* _PROBLEM TO WORK ON_
Look through the entries below and extract exactly the lines from the one containing "Sarı Taş Detay Çizgili Sarı Gömlek" through the one containing "Discover innovative solutions", ends included.

* _LISTED RECORDS_
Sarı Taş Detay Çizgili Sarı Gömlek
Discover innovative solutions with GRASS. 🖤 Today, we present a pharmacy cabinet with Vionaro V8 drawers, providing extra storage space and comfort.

---

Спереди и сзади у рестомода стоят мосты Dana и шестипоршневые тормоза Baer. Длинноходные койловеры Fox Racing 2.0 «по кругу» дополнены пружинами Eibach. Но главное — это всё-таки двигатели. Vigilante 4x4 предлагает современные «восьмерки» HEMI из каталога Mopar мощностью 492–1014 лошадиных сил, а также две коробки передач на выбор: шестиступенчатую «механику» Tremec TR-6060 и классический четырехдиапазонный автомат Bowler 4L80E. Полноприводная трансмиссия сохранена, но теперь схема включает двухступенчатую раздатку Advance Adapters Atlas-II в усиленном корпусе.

* _ANSWER TO THIS PROBLEM_
Sarı Taş Detay Çizgili Sarı Gömlek
Discover innovative solutions with GRASS. 🖤 Today, we present a pharmacy cabinet with Vionaro V8 drawers, providing extra storage space and comfort.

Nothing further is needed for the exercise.